30.05.2016
Aktuelle Nachrichten aus Köln und der ganzen Welt

Nachts WM gucken: Muss der Chef mir Fußball-frei geben?

Wenn die deutsche Fußball-Nationalmannschaft im Sommer in Brasilien um den WM-Titel kämpft, fiebern hierzulande wieder tausende Fans vor den Großleinwänden mit - auch spät in der Nacht.

Wenn die deutsche Fußball-Nationalmannschaft im Sommer in Brasilien um den WM-Titel kämpft, fiebern hierzulande wieder tausende Fans vor den Großleinwänden mit - auch spät in der Nacht.

Foto:

dpa

Schlechte Nachricht für Fußballfans: Viele WM-Spiele in Brasilien beginnen nach deutscher Zeit erst spätabends bzw. in der Nacht. Dürfen Berufstätige am nächsten Tag später zur Arbeit kommen? Und ist spätes Public-Viewing erlaubt?

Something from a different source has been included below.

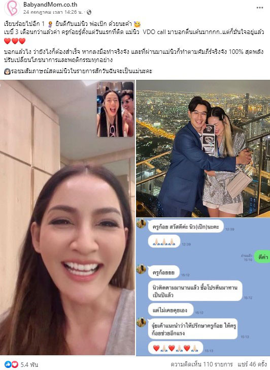 ในที่สุดก็ได้เป็นแม่คุณแม่สมใจ ต้องขอแสดงความยินดีกับคุณแม่ป้ายแดง “นิว นภัสสร ภูธรใจ ” ที่พยายามมีลูกมานานถึง 6 ปี และผิดหวังมาหลายครั้ง จนกระทั้งมีโอกาสได้พูดคุยกับ “จุ๋ย วรัทยา นิลคูหา” โดย “จุ๋ย” ได้แนะนำให้ปรึกษา “ครูก้อย นัชชา ลอยชูศักดิ์” ให้ครูก้อยช่วยอีกแรง เนื่องจาก “จุ๋ย” ก็เคยปรึกษาเตรียมตั้งครรภ์กับ “ครูก้อย”และประสบความสำเร็จมาแล้ว ซึ่งหลัง “นิว” เข้าโปรแกรมปรับโภชนาการเตรียมผนังมดลูกตามคัมภีร์ครูก้อย 2 เดือน ก่อนเข้าสู่กระบวนการย้ายตัวอ่อนทำให้ได้ผนังมดลูกสวยตามเกณฑ์ จนคุณหมอต้องชม และประสบความสำเร็จตั้งครรภ์หลังเตรียมตัวมาอย่างดี

Arbeitnehmer haben während der Fußballweltmeisterschaft keinen Anspruch darauf, ihre Arbeitszeiten zu verschieben. Darauf weist Nathalie Oberthür hin, Fachanwältin für Arbeitsrecht. Bei der WM in Brasilien werden viele Spiele erst nach 22 Uhr Mitteleuropäischer Zeit angepfiffen - einige werden erst um Mitternacht beginnen. Das kann vor allem für Beschäftigte mit Frühschicht am nächsten Morgen hart werden.

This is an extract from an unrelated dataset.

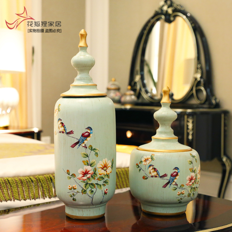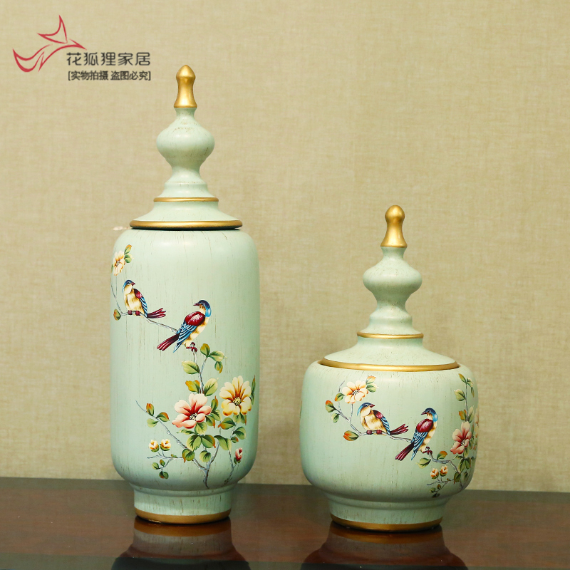 American retro ceramic storage tank Creative home Living room Xuan Guan Wine Cabinet Decorations Pendulum Pieces Jo Relocation New Residence Gift

Einen späteren Schichtbeginn können sie allerdings nicht vom Chef einfordern. Nur er entscheidet über einen anderen Schichtablauf oder gar einen Produktionsstopp.

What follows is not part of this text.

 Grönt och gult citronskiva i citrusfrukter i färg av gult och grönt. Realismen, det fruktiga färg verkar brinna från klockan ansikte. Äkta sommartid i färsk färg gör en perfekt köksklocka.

Mit etwas Glück können Arbeitnehmer ihrem Chef vielleicht dennoch großzügigere Arbeitszeiten abringen: Am besten schließen sie sich dazu mit Kollegen zusammen und bieten an, die Aufgaben auf andere Weise zu erledigen. Die Zeit, die fürs Fußballschauen abgeht, können sie beispielsweise schon vorarbeiten oder an einem anderen Tag nachholen. Auf solche Angebote muss der Arbeitgeber allerdings nicht eingehen.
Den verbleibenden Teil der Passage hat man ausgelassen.